Theoretical and Practical Implications

Theoretical Implications:

  • Provides a formal, learnable definition of "scientific taste" grounded in community feedback.
  • Demonstrates that community-level preferences, as captured by citations, can be effectively modeled and aligned with, bridging RLHF (human preferences) and RLVR (verifiable rewards) paradigms through the novel RLCF framework.
  • Shows that scientific judgement and ideation capabilities can be decoupled and improved separately via scalable machine learning techniques.

Practical Implications:

  • AI-Assisted Research: Scientific Judge can help rank new papers before they accumulate citations, aiding in literature review and grant allocation. Scientific Thinker can serve as a brainstorming assistant for generating promising research directions.
  • Scalable Evaluation: The RLCF paradigm offers a blueprint for using other large-scale, naturally occurring community signals (e.g., downloads, social media mentions) to train AI systems for other open-ended judgement tasks.
  • Towards AI Scientists: Represents a concrete step towards building AI systems that possess not just execution capabilities but also the strategic foresight characteristic of human experts.

Conclusion

This work demonstrates that AI can learn scientific taste—the ability to judge and propose high-impact research ideas—from large-scale community feedback (citations). The proposed Reinforcement Learning from Community Feedback (RLCF) paradigm successfully trains:

  1. Scientific Judge: A model for scientific judgement that outperforms SOTA LLMs and generalizes robustly.
  2. Scientific Thinker: A model for scientific ideation that generates ideas with higher potential impact.

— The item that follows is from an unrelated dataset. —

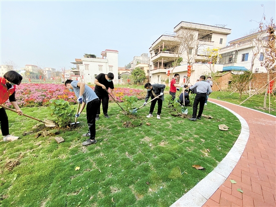 蓬江区荷塘镇南村村党总支联合育德幼儿园开展“植树养绿,扮靓美丽乡村”植树绿化活动。

The results show that scientific taste is a learnable objective, moving beyond subjective preference to community-validated patterns. This marks a significant advancement toward developing AI scientists with human-like strategic judgement.

Limitations & Future Work: Includes the imperfect nature of citations as feedback, the need for more granular field categorization, evaluation reliance on LLM judges, and the use of only titles/abstracts. Future work could explore broader aspects of scientific taste, model citation dynamics, implement generated ideas, and incorporate richer paper context.